EXERCISE PROMPT:
Copy exactly, and only, the lines between the start of the entries below and the line containing "Fig. 2: Wax pattern on master die", both inclusive. Omit pictures.

Stored records:
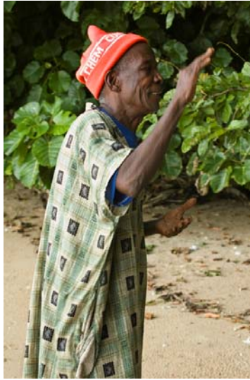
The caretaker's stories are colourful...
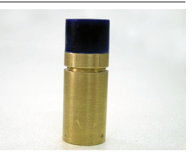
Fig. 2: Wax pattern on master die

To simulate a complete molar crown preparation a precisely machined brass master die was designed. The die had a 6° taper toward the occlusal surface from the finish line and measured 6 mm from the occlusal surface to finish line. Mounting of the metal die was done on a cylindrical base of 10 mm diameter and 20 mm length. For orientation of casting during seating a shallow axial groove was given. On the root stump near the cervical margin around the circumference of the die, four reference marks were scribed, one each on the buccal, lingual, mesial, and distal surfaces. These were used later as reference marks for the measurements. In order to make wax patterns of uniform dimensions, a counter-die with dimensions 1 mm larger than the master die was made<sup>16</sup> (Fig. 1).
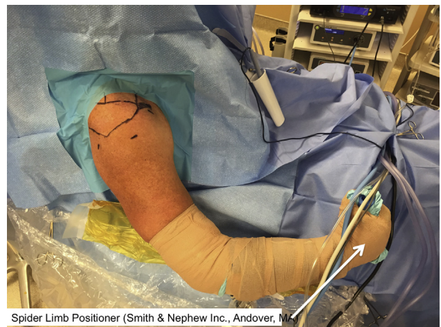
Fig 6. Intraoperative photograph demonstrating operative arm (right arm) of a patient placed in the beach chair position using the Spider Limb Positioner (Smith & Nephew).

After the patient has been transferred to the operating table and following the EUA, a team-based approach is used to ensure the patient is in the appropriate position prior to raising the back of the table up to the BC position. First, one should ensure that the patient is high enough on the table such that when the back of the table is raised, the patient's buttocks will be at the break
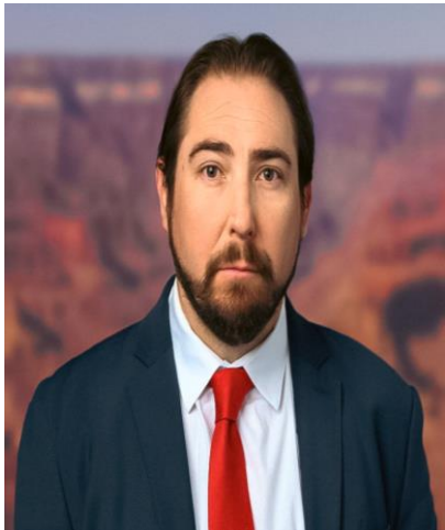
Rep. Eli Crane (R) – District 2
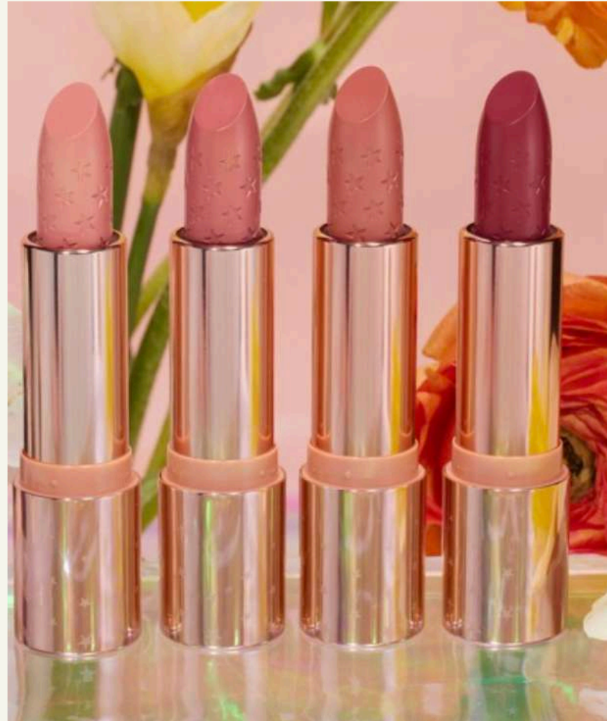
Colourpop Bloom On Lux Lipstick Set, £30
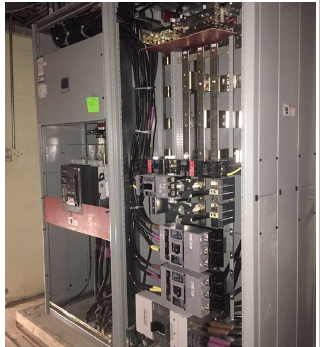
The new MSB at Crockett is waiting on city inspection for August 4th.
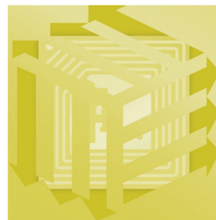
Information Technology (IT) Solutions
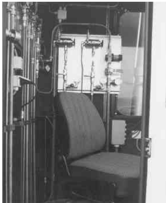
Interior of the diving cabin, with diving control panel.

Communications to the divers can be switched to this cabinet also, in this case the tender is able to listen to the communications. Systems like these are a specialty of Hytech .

OUTPUT OF THE EXERCISE:
The caretaker's stories are colourful...
Fig. 2: Wax pattern on master die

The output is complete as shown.